Updated 14 December 2025

EPR is an iterative segment-level soft-label refinement approach that captures the temporal dynamics and mixtures of emotions in speech.
It uses pseudo-one-hot regularization and iterative retraining, achieving significant accuracy improvements over standard hard-label methods.
The method leverages VGG-style CNNs on log-Mel spectrogram segments, enabling detailed analysis of intra-utterance emotion fluctuations.

The Emotion Profile Refinery (EPR) is an iterative, segment-level soft-label refinement procedure designed to address the intrinsic ambiguity and impurity of human emotions in speech. Rather than constraining emotion recognition to a single, hard categorical label per utterance, EPR models the temporal evolution and mixtures of emotions by producing probabilistic emotional profiles across speech segments. By iteratively re-training segment-level classifiers with dynamically updated soft labels—optionally regularized with hard targets—EPR achieves significant accuracy improvements in speech emotion classification, as demonstrated on several benchmark corpora (Mao et al., 2020).
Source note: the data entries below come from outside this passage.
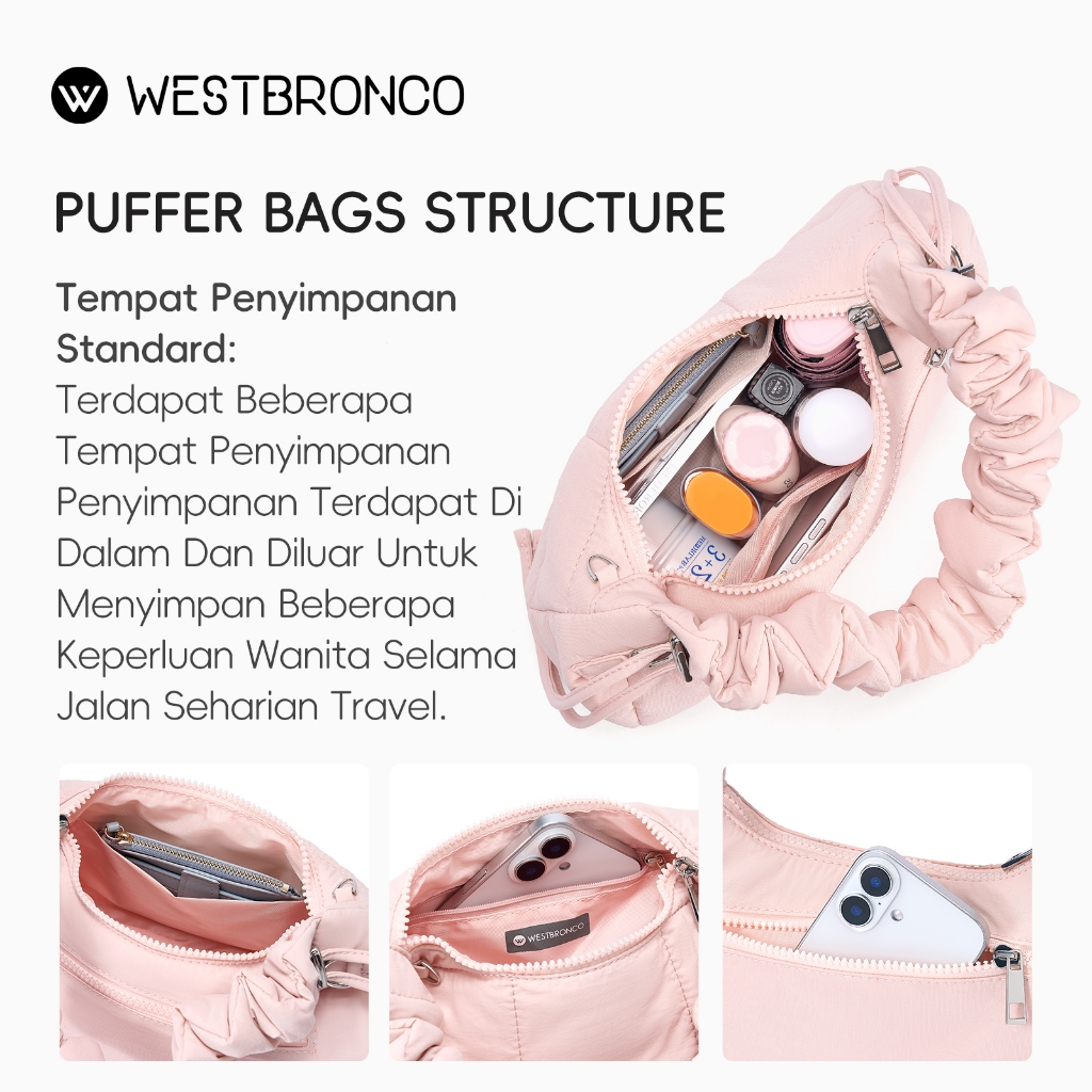 WESTBRONCO [PUFFER TAVIE BAG] Handbag, Tas Bahu, Tali Serut Adjustable, Sling Bag, Multifungsi, Kasual & Modis
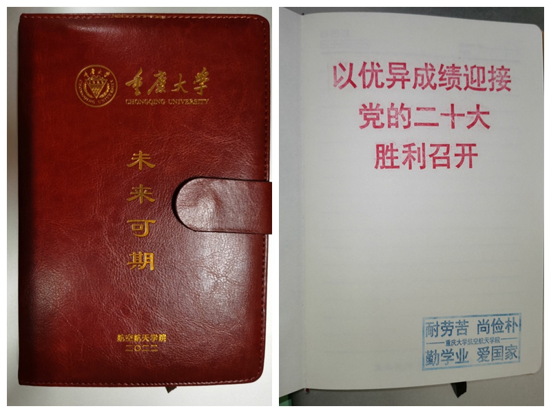 漂亮的笔记本内寄托了学院对同学们在新一年内不断向上,顽强拼搏的鼓励和祝愿,扉页上的“以优异成绩迎接党的二十大胜利召开”的前进宣言和“耐劳苦,尚俭朴,勤学业,爱国家”的校训更是使同学们在翻开这个笔记本时就体会到了学院的良苦用心,相信在未来日子里同学们使用它的时候也会有受到鼓励的感觉吧。
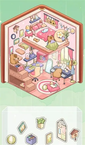 DIY贴纸温馨小屋是款温馨治愈小游戏,以卡皮巴拉为背景角色。玩家摆放不同贴纸装饰小屋,各关玩法不同。操作简便,上线即玩,有大量贴纸、多样场景,能让玩家享受装修快乐,感受萌趣与解压。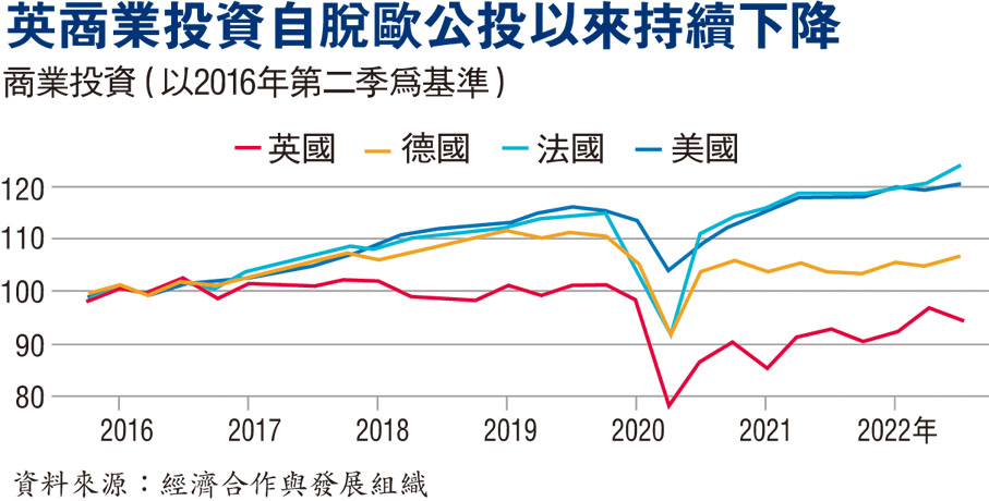 脫歐打擊海外商界對英國前景的信心,導致英國獲得的商業投資大減,數據顯示,自2016年脫歐公投以來,英國商業投資總額一直接近零增長,過去3年更是少過2016年,表現遠差過美國、德國甚至法國。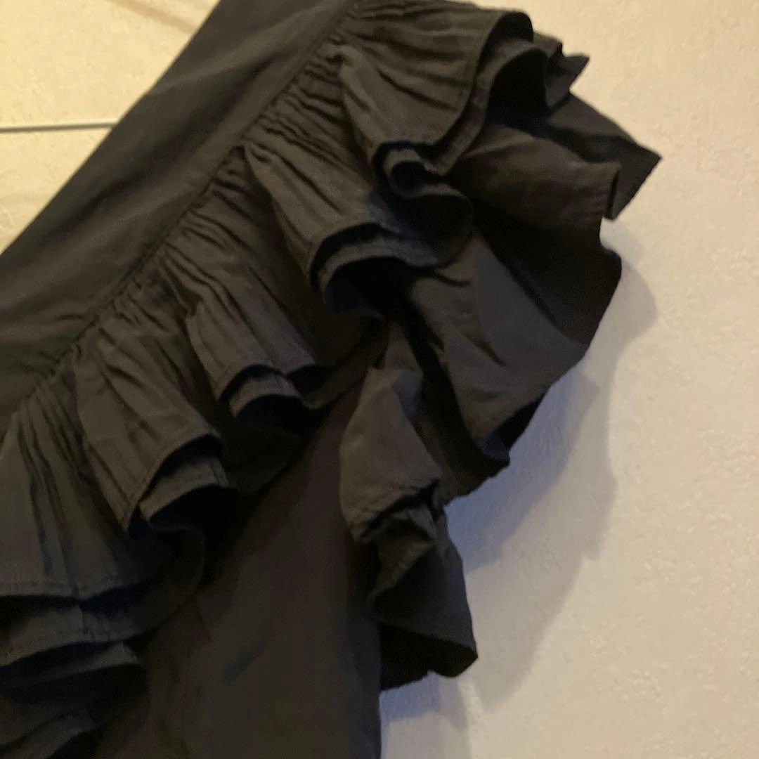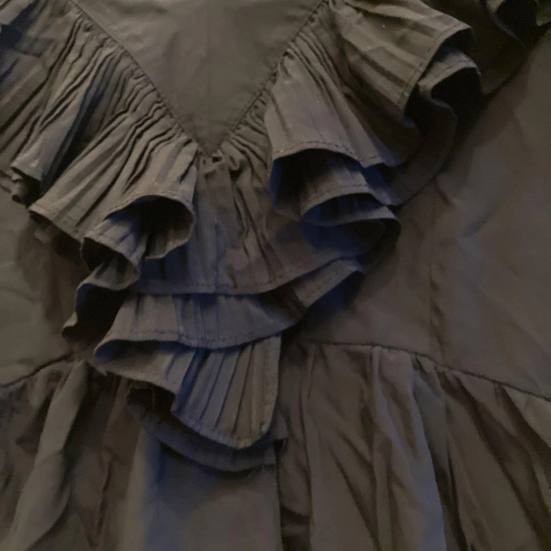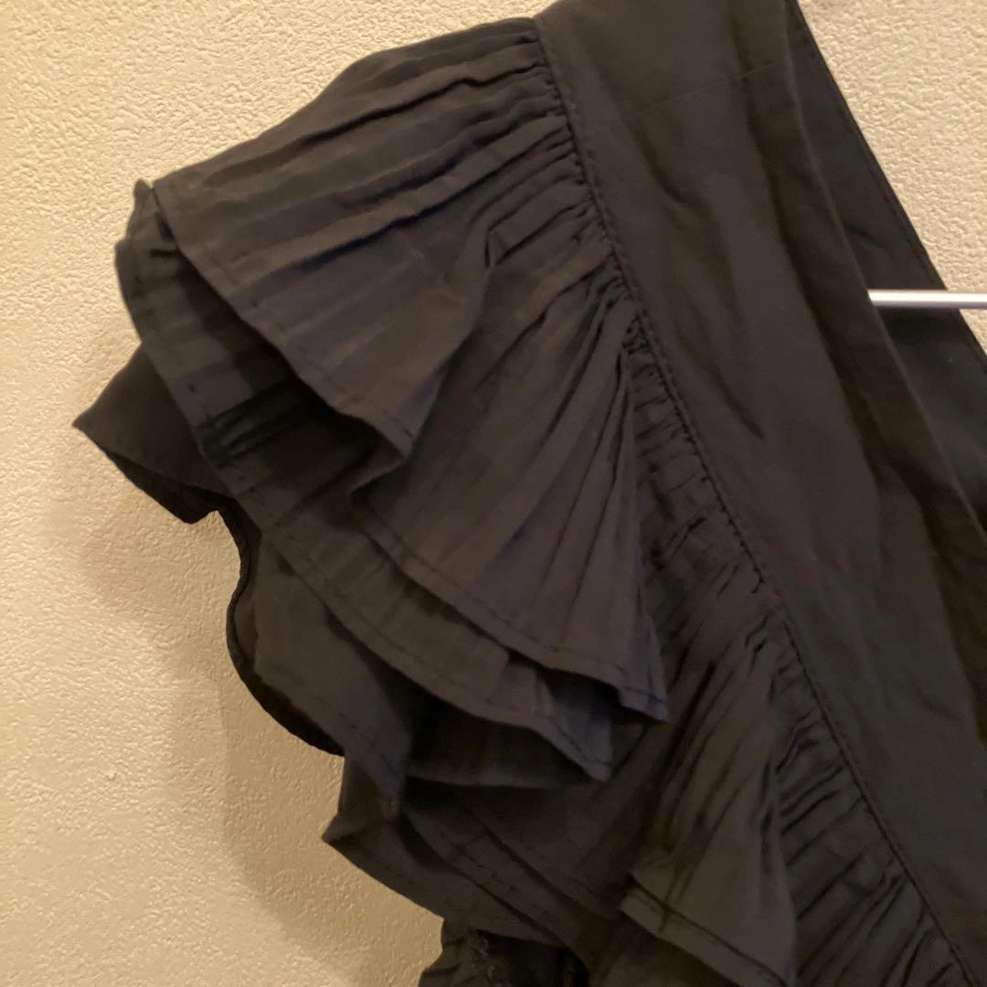 フリルデザインの黒いVネックシャツです。前面に丸ボタンが付いています。 色は黒で、フリルが華やかな印象です。 着丈51cm 肩幅はフリルがあるため計測が難しいです。 一度着用し、ホームクリーニング済みです。 - 色: 黒 - デザイン: フリル付き Vネック - ボタン: 前面ボタン付き - 袖: フリル袖 USED品にご理解いただける方のみご検討をお願いします。 カラー···ブラック系 カラー/ネック···Vネック 透け感···透け感なし 季節···春夏 ご希望の方はお気軽にご連絡ください。

1. Emotional Profiles: Definition and Motivation

The EPR framework is motivated by the recognition that human emotions in speech rarely present as pure, temporally homogeneous states. Emotional impurity refers to the phenomenon where utterances contain mixtures of basic emotions, varying within and across segments. Hard-label annotation, the prevailing paradigm in most SER systems, fails to capture this intra-utterance variability. EPR instead employs Emotional Profiles (EPs), which consist of a sequence of segment-level probability vectors, each reflecting the soft assignment over $K$ emotion classes for a given segment.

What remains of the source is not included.